YouTube TV sometimes runs 5-day to 21-day free trials on the Base plan, tied to promotional windows. Past subscribers usually don’t qualify because trial eligibility is tied to your Google account. The Sports and Entertainment plans rarely get free trials. They rely on discounted first-year pricing instead.
#Can I switch between YouTube TV plans anytime?
Yes. Go to Settings > Membership on the web app and select any of the three tiers.
The new price takes effect on your next billing cycle, and your DVR library, recordings, and household settings all carry over.

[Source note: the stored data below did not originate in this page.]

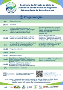 Dia 30/09/2025 no Centro Cultural da UNOESC em São Miguel do Oeste SC, acontecerá o Seminário de Ativação da Linha de Cuidado em Saúde Mental do Extremo Oeste de Santa Catarina.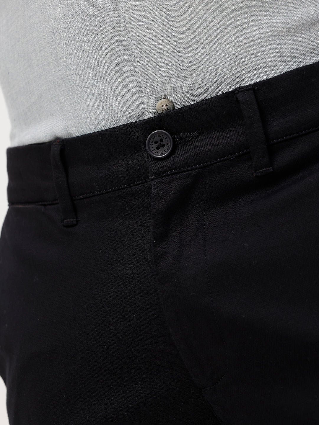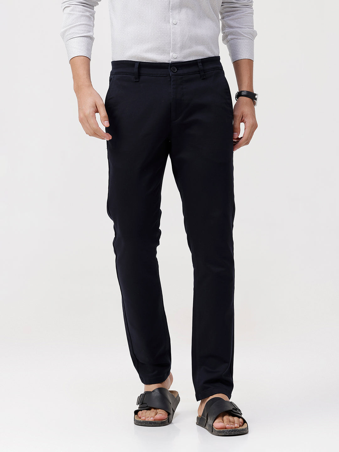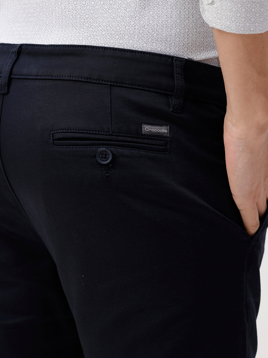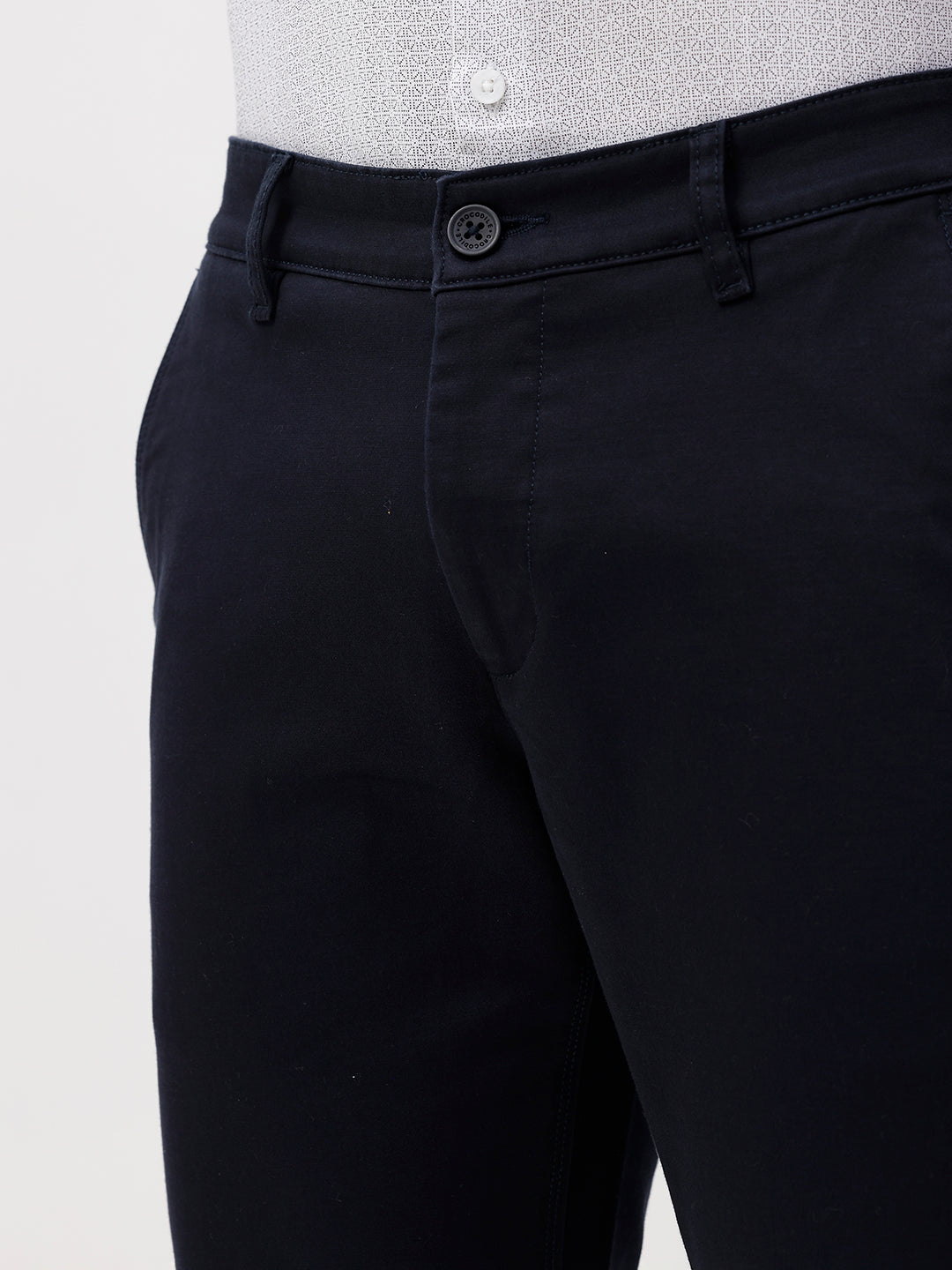 Navy Premium Textured Fabric Stretch Contrast Tape Detailing Slim Fit Trousers
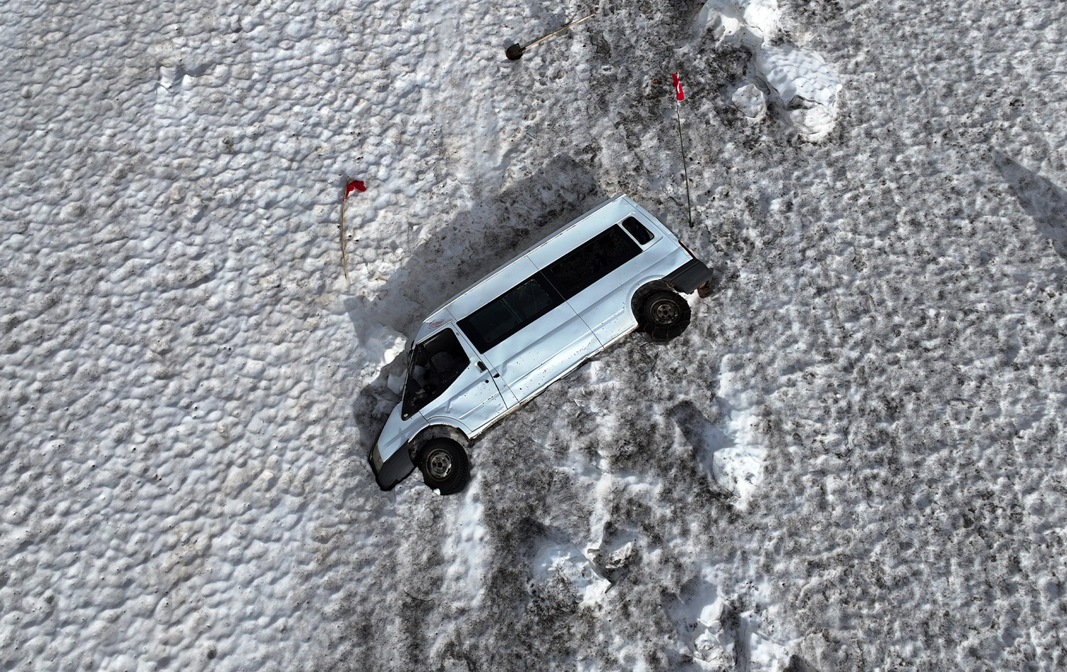 Li aliyê din bi helîna berfê re mînîbusa ku ji ber aşûta îsal di bin berfê de mabû jî derket holê.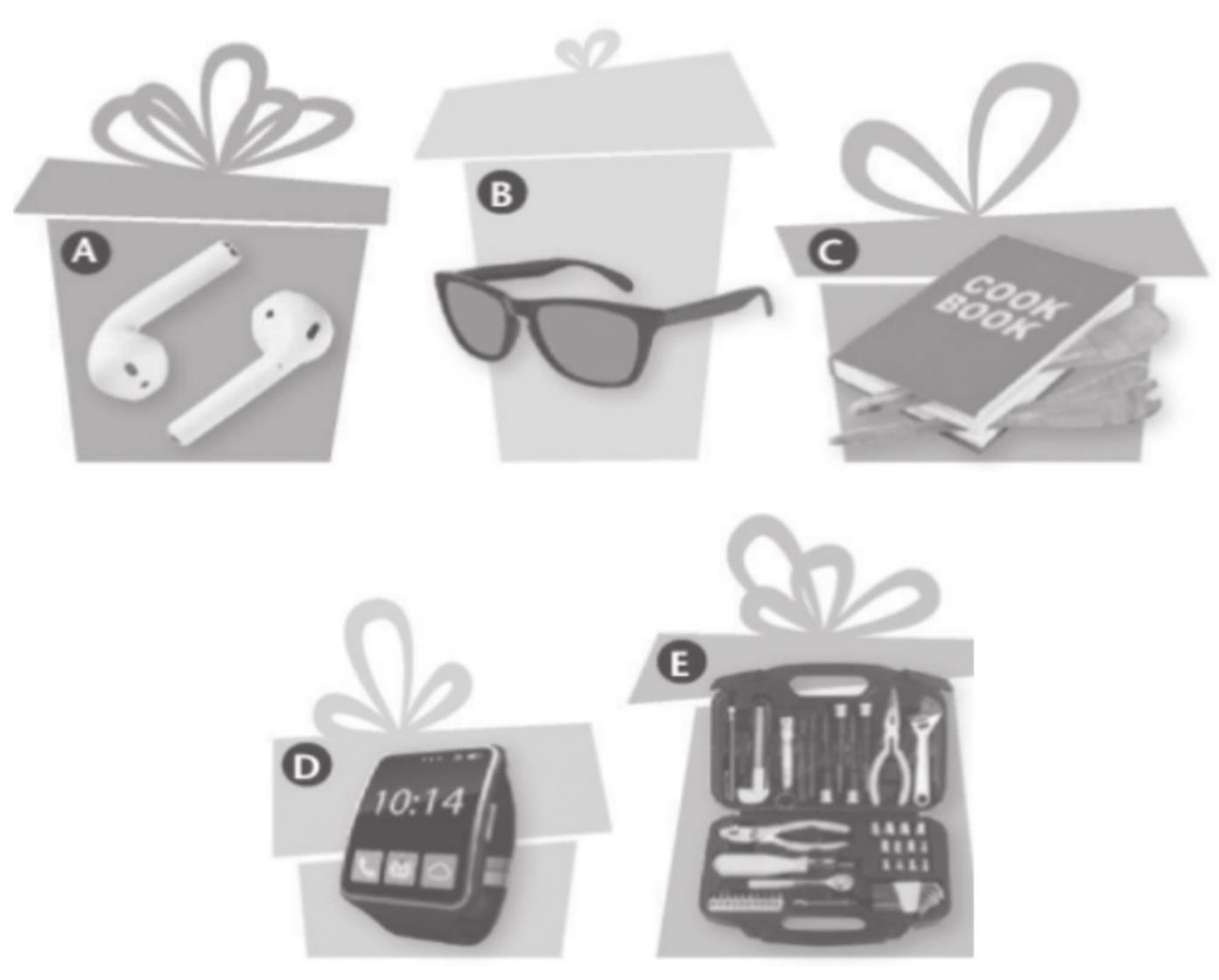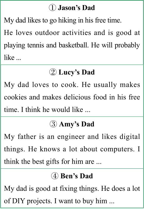 5. 根据Jason、Lucy、Amy和Ben对自己父亲的描述,选出他们可能会送给自己父亲的礼物。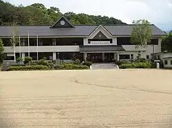 - Yumoto Junior High School (天栄村立湯本中学校; closed in 2023) - The building was two stories tall.[6] It began operations in 1947.[8] Its peak population was in the 1960s. A sharp population decline occurred after 2000.[6] Circa 2020 the population was five.[8] The population loss resulted in it closing in 2023, with its final graduating class having two students.[6]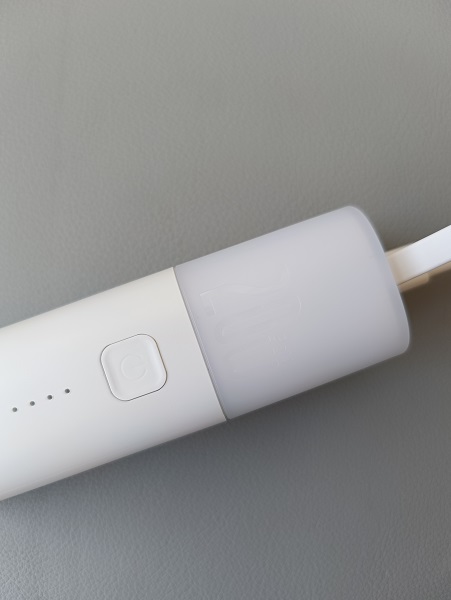 頂部自帶Type-C線材和一個Type-C固定口。線材可插入固定在Type-C接口里,作為提手使用。插入后固定牢靠,可手提或固定在包包上,攜帶方便,美觀時尚又大方。底部同樣設(shè)計了一個Type-C的充電口。可同時為手機、平板等2臺設(shè)備充電。充電頭、充電寶、自帶線,三合一設(shè)計讓筆者外出不再懼怕忘記帶數(shù)據(jù)線、充電頭的煩惱。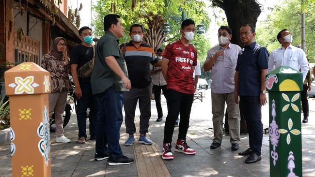Solo - Menteri BUMN Erick Thohir dan Menteri Investasi/Kepala BKPM Bahlil Lahadalia mengecek lokasi pesta rakyat Kaesang-Erina. Mereka ditemani Wali Kota Solo Gibran.

You can switch as often as every 30 days without penalty.
#What channels did the YouTube TV genre plans add or remove in February 2026?
The genre plans didn’t add new channels. They subdivide the existing Base plan lineup.
Sports plan keeps everything sports-branded (ESPN, regional sports, league networks) plus local broadcast affiliates. Entertainment plan keeps cable entertainment, news, kids, and lifestyle networks plus local broadcast affiliates. The Base plan still includes everything from both genre plans combined, which is why its price didn’t drop.
#Does YouTube TV still work on older smart TVs?
YouTube TV’s app runs on most 2019-or-newer smart TVs from Samsung, LG, Sony, Vizio, and Hisense, plus every Roku, Fire TV, Apple TV 4K, and Chromecast with Google TV released since 2019.
Older 2016-2018 smart TVs can lose app support without warning when Google updates the minimum platform version.
#What’s the difference between YouTube TV 4K Plus and regular 4K streaming?
Regular YouTube TV streams top out at 1080p HDR on compatible channels. The 4K Plus add-on at $9.99/month unlocks 4K HDR streams on the limited catalog of 4K-capable channels (currently NBC Sunday Night Football, select ABC/ESPN NBA games, and on-demand recordings). It also removes the 3-device home streaming cap and enables offline DVR downloads on phones and tablets.